━━ DATA SEGMENT

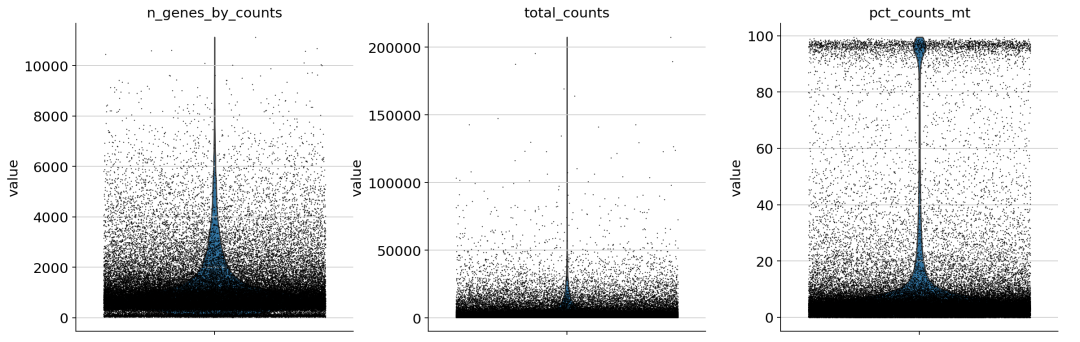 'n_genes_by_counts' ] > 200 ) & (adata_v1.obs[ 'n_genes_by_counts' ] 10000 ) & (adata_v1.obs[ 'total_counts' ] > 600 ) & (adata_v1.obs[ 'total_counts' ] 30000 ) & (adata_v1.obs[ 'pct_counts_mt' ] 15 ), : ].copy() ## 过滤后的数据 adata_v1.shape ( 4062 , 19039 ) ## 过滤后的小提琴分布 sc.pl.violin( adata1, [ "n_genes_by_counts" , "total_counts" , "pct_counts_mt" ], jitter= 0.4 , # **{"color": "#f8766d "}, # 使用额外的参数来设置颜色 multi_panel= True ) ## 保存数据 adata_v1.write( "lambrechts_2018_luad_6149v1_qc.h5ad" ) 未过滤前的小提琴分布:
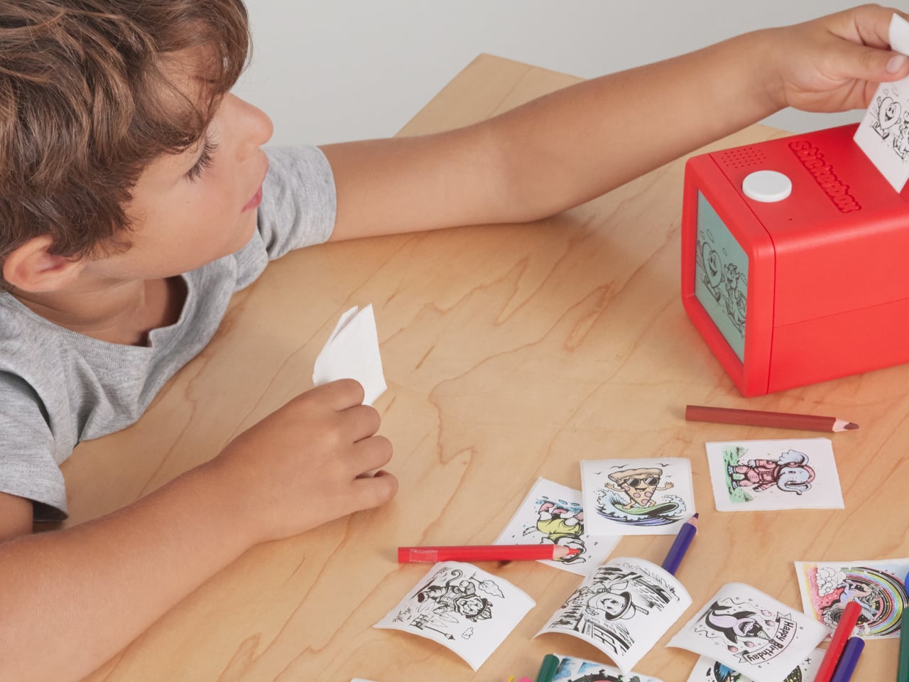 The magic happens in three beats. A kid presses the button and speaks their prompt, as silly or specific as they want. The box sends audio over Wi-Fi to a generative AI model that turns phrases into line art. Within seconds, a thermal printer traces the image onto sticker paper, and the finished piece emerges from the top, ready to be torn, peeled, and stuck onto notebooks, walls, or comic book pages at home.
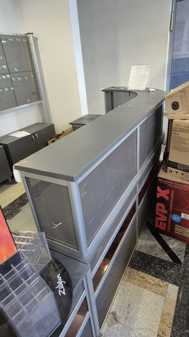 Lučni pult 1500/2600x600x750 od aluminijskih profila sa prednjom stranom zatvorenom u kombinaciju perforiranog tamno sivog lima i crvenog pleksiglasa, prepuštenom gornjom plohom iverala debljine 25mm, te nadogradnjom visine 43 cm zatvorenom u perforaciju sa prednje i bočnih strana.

━━━━

[PROBLEM TO SOLVE]
Your copy of the material above should be exact and free of pictures.

[RESPONSE TO THE EXERCISE]
 'n_genes_by_counts' ] > 200 ) & (adata_v1.obs[ 'n_genes_by_counts' ] 10000 ) & (adata_v1.obs[ 'total_counts' ] > 600 ) & (adata_v1.obs[ 'total_counts' ] 30000 ) & (adata_v1.obs[ 'pct_counts_mt' ] 15 ), : ].copy() ## 过滤后的数据 adata_v1.shape ( 4062 , 19039 ) ## 过滤后的小提琴分布 sc.pl.violin( adata1, [ "n_genes_by_counts" , "total_counts" , "pct_counts_mt" ], jitter= 0.4 , # **{"color": "#f8766d "}, # 使用额外的参数来设置颜色 multi_panel= True ) ## 保存数据 adata_v1.write( "lambrechts_2018_luad_6149v1_qc.h5ad" ) 未过滤前的小提琴分布:
 The magic happens in three beats. A kid presses the button and speaks their prompt, as silly or specific as they want. The box sends audio over Wi-Fi to a generative AI model that turns phrases into line art. Within seconds, a thermal printer traces the image onto sticker paper, and the finished piece emerges from the top, ready to be torn, peeled, and stuck onto notebooks, walls, or comic book pages at home.
 Lučni pult 1500/2600x600x750 od aluminijskih profila sa prednjom stranom zatvorenom u kombinaciju perforiranog tamno sivog lima i crvenog pleksiglasa, prepuštenom gornjom plohom iverala debljine 25mm, te nadogradnjom visine 43 cm zatvorenom u perforaciju sa prednje i bočnih strana.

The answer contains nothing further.